TNF-alpha (tumor necrosis factor-alpha) is a master inflammatory cytokine produced by skin immune cells, fibroblasts, and melanocytes themselves. In healthy skin, TNF-alpha surges briefly in response to acute injury or infection, then resolves. But in people with TNF variants, baseline TNF-alpha production is elevated, creating a state of chronic low-grade inflammation that persists even without active injury. This chronic inflammatory state keeps melanocytes signaled to produce protective pigment.

The -308G>A variant in the TNF promoter, carried by roughly 30% of people with European ancestry, increases TNF-alpha production. This means your skin exists in a state of chronic inflammation that amplifies the melanocyte response to any UV exposure, no matter how brief or protected. Even after the sun exposure ends, TNF-alpha signals continue, perpetuating melasma production. The chronic inflammation also impairs skin barrier function and accelerates skin aging.

You experience this as melasma that seems to worsen over time, skin that looks red or inflamed even when you’re not in the sun, and melasma that spreads despite aggressive sun avoidance. Your skin might also show signs of other inflammatory conditions: rosacea-like flushing, sensitivity to skincare products, or a history of eczema or dermatitis.

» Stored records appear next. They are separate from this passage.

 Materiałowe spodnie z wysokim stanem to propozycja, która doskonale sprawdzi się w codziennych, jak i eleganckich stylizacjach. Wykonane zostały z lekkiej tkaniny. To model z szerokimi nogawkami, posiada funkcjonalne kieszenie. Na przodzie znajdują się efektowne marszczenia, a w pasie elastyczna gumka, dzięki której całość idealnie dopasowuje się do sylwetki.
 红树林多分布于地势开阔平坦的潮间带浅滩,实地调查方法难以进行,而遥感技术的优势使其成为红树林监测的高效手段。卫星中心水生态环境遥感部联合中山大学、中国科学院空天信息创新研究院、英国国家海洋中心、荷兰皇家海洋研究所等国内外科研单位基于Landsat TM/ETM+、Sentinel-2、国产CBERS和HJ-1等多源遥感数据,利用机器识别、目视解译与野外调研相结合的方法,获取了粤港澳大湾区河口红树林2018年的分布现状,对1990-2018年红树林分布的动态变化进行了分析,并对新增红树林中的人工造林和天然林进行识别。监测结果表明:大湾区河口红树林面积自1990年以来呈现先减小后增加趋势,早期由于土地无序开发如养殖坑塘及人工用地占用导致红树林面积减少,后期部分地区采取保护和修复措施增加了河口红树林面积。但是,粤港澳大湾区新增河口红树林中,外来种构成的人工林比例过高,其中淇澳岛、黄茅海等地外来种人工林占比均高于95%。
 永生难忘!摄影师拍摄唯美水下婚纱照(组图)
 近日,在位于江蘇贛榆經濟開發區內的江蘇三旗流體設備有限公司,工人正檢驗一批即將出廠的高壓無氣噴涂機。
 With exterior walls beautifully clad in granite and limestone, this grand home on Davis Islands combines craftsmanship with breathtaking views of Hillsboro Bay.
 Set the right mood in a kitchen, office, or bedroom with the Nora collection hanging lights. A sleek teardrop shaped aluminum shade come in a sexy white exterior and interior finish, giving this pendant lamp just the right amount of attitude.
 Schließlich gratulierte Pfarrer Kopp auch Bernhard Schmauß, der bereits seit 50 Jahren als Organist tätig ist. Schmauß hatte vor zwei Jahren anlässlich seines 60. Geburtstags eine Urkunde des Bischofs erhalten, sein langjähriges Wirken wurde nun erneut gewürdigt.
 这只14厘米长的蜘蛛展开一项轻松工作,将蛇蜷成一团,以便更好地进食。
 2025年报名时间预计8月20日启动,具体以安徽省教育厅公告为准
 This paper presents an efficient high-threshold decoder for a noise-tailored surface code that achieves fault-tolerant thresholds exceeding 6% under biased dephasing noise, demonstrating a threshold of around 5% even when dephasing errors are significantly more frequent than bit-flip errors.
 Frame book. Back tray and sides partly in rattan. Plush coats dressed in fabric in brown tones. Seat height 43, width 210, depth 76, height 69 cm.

Interleukin-6 is a cytokine that amplifies inflammatory responses. When your skin is injured or exposed to UV, IL-6 is released to signal immune cells and initiate repair. But IL-6 also activates melanocytes directly, signaling them to produce pigment as a protective response. In people with high IL-6 production, this amplification becomes excessive, turning a minor UV exposure into a disproportionate inflammatory response and melanin surge.

The -174G>C variant in the IL6 promoter, present in roughly 40% of the population carrying the C allele, increases IL-6 production. This means your skin mounts an exaggerated inflammatory response to routine UV exposure, amplifying the melanocyte signal far beyond what the actual UV damage warrants. IL-6 also cross-talks with TNF-alpha, creating a feedback loop where inflammation perpetuates inflammation, and melasma deepens over time.

You experience this as melasma that seems disproportionate to your sun exposure, inflammation that lingers long after sun exposure ends, and melasma that worsens with stress, poor sleep, or illness (all IL-6 triggers). You might notice that melasma flares coincide with times of systemic inflammation or infection.